Bottom line reality amounts to this: if any Guyanese is ready to be such a sucker as to fall for that one, then go right ahead. They can go ahead and make their own day without any help from me. Exxon and Bronchalo did not divest themselves of each other after 19 mutually fruitful years. No siree, Bob: Exxon just diversified into Guyana’s gas with its trusted corporate soldier Bronchalo as the captain of that commercial ship that made its appearance in sunny Nevada. Exxon even got a man with a name that would make Guyanese swoon, even an atheist like Bharrat Jagdeo. Man! do these guys operating out of Texas write the book on how to wheel and deal with oil and gas… Incidentally, I hope that there isn’t anybody in Guyana who harboured the thought that Exxon was going to stand idly by and relax its stranglehold on this country’s oil and gas sector, by letting the gas business go to some stranger. Why, even the Chinese partner in the Exxon-spearheaded offshore oil consortium was edged out of the 17 headed bidding field. Somebody at Natural Resources made sure that there were no slipups, and that everything had just the right appearance. I would not be surprised if somebody from the national tender board present during the bidding proceedings in the capacity as a special consultant relative to how these delicate matters (bids) are handled.
From my perspective, everything about this sweetheart setup is just that, too sweet, as in too good to be true. And if there was one thing that Americans of the caliber of Alistair Routledge taught me was that when matters mushroom out of the desert just like that, then it is neither as good (clean) as made out to be, nor has anything that is true about it. At least, not for poor, dumb, sluggish Guyana always left to lament its fate in the loser’s circle. I urge my fellow Guyanese to look at that whirlwind sequence of developments again: Bronchalo was at Exxon for an eternity, then in a jiffy it was splits-Ville, then almost overnight, there was this sandcastle springing out of the rocky Tahoe, Nevada wilderness. Is Senor Bronchalo a gas showman or what? The only ingredient missing at this point are some fancy, high-stepping Las Vegas showgirls to create the right kind of sales environment for the sale of Guyana’s gas. Just put it on Guyana’s bill. Separately, Guyanese should be thankful that they got a guesthouse for Fulcrum’s headquarters. Back in the day on Wall Street, there were these Post Office Boxes that served as the addresses of many shell companies. If the enquiring here wants to know where, why those PO Boxes were in Nevada, of course. Though it took awhile for the dots to be connected and the ancient 1980s computer systems to crank up and crank out that detail about a pattern that was not good for know-your-customer standards. Or what the so-called principal was all about; that was the second giveaway: it was almost always a solo operator. Just like Senor Bronchalo, with a nod to that ghost worker serving as a decoy for gullible Guyanese. The title of Technical Director does have an impressive ring to it. Given that it is gas, there is also a certain smell to this whole shebang that makes people like me want to retch.

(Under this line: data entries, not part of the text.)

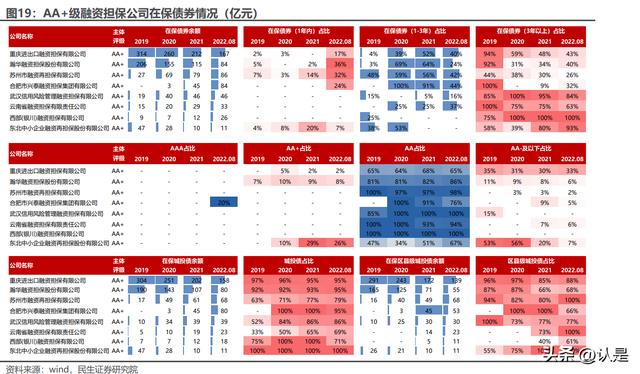 (3)中证融担、中证增:从在保债券规模看,截至 2022 年 8 月 29 日,中 证融担的在担保债券余额由 2020 年末的 34 亿元大幅增长至 268 亿元,这几年处 于业务扩张期,中证增的在担保债券余额则进一步下降至 192 亿元;从期限分布 看,两家公司剩余期限在 3 年以上的在保债券比重均明显下降,在保债券剩余期 限整体缩短;从主体评级看,中证融担业务主要集中于 AA 级主体,中证增则分布 相对均衡。进一步看融资担保城投债,中证融担业务主要集中于地市级城投,区县 级城投债占比不足 20%,中证增对区县级城投的担保规模占比相对较高。
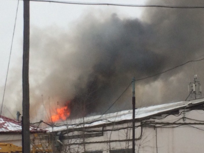 К моменту прибытия дежурных караулов к месту пожара стало известно, что открытым огнем горит кровля. Был объявлен второй номер вызова.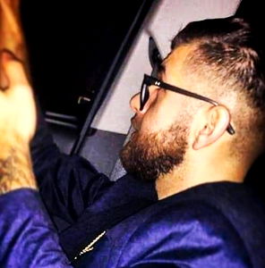 A young man, possibly from Las Vegas, is seen sitting in the back of a car. He sports a beard and glasses, and appears to be looking out the window. His style seems casual, with a jacket that has a notable emblem on it. The lighting suggests it might be evening or night, giving the photo a cool, urban vibe.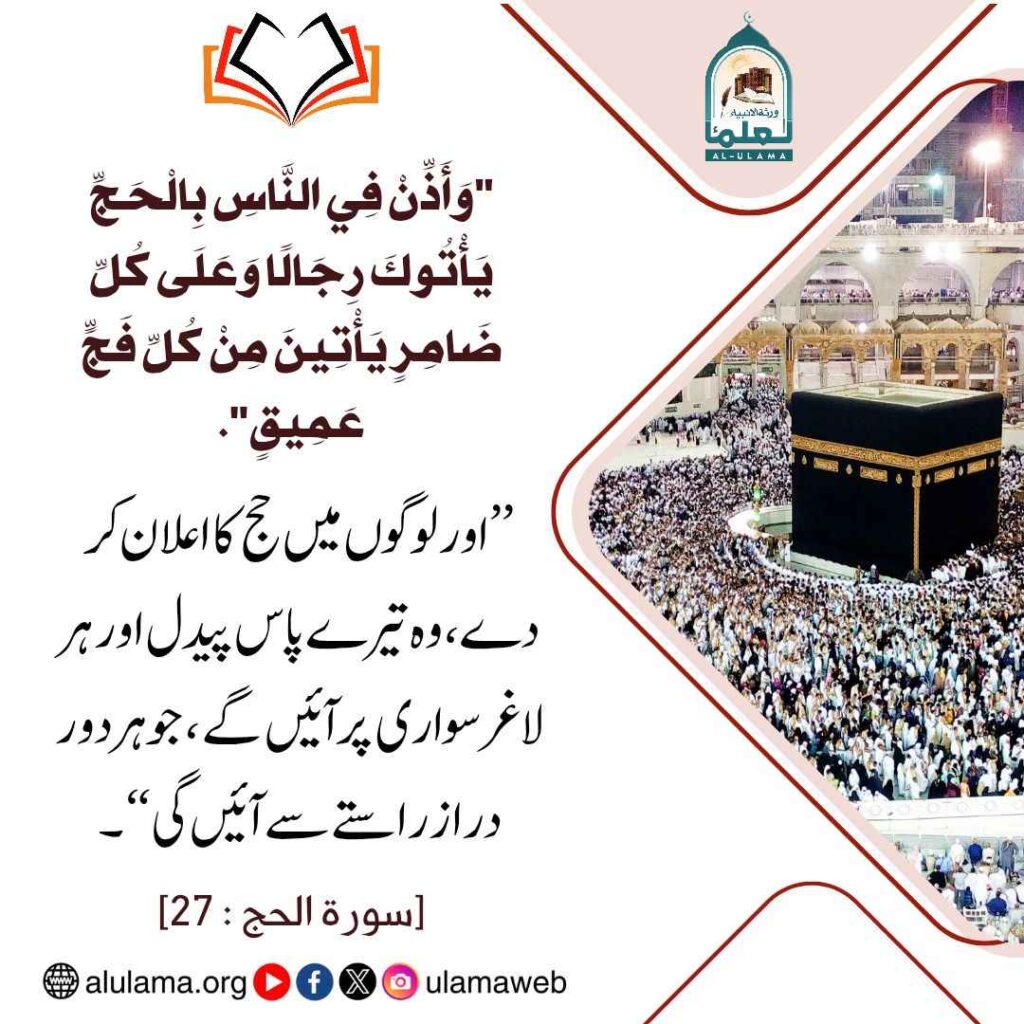 Post published: اپریل 4, 2026 Post category: 12. ذی الحجہ - عمرہ، حج وقربانی ناشر: العلماء لوگوں میں حج کا اعلان کرو Post Views: 28 اس موضوع کے دیگر گرافکس مزید دیکھیں 256 بار دیکھا گیا خواتین کے احکام ومسائل خاوند کے فوت ہونے کی صورت میں عورت کا حج اپریل 14, 2025 205 بار دیکھا گیا عمرہ، حج وقربانی طواف سے پہلے سعی کرنا کیسا ہے اپریل 15, 2025 219 بار دیکھا گیا عمرہ، حج وقربانی پنتالیس سال سے زائد عمر عورت کا بغیر محرم حج کرنا فروری 20, 2025 اس ناشر کے دیگر گرافکس مزید دیکھیں 187 بار دیکھا گیا اعمال، وظائف، اذکار وادعیہ اللہ تعالی بہت با حیا ہے ستمبر 3, 2024 77 بار دیکھا گیا حقوق وفرائض تقسیم وراثت میں کسی کو نقصان پہنچانا اگست 27, 2024 295 بار دیکھا گیا 23. عربی گرافکس نصرت بالرعب مسيرة شهر اگست 23, 2024

The third giveaway was the seeming nonchalance of the esteemed Bharrat Jagdeo, Guyana’s Vice President of Oil and now Gas affairs. So, now there is the Jagdeo and Bronchalo show. There is nothing comedic about that pairing; it is all economic. Listen to Guyana’s mighty man of oil (and gas): me worry about the man’s former relationship to Exxon? Not me, folks. It is why I reserve a special place in my heart for Jagdeo: the man knows where his bread is buttered (both sides) and by whom and with what. To date, Dr. Jagdeo has not shown any ill effects from the overly high fat content of that specially enriched butter on his bread. The last word is this to Guyanese: just don’t expect too much from gas money with this fellow Bronchalo. He has that Jagdeo halo about him.
(The views expressed in this article are those of the author and do not necessarily reflect the opinions of this newspaper.)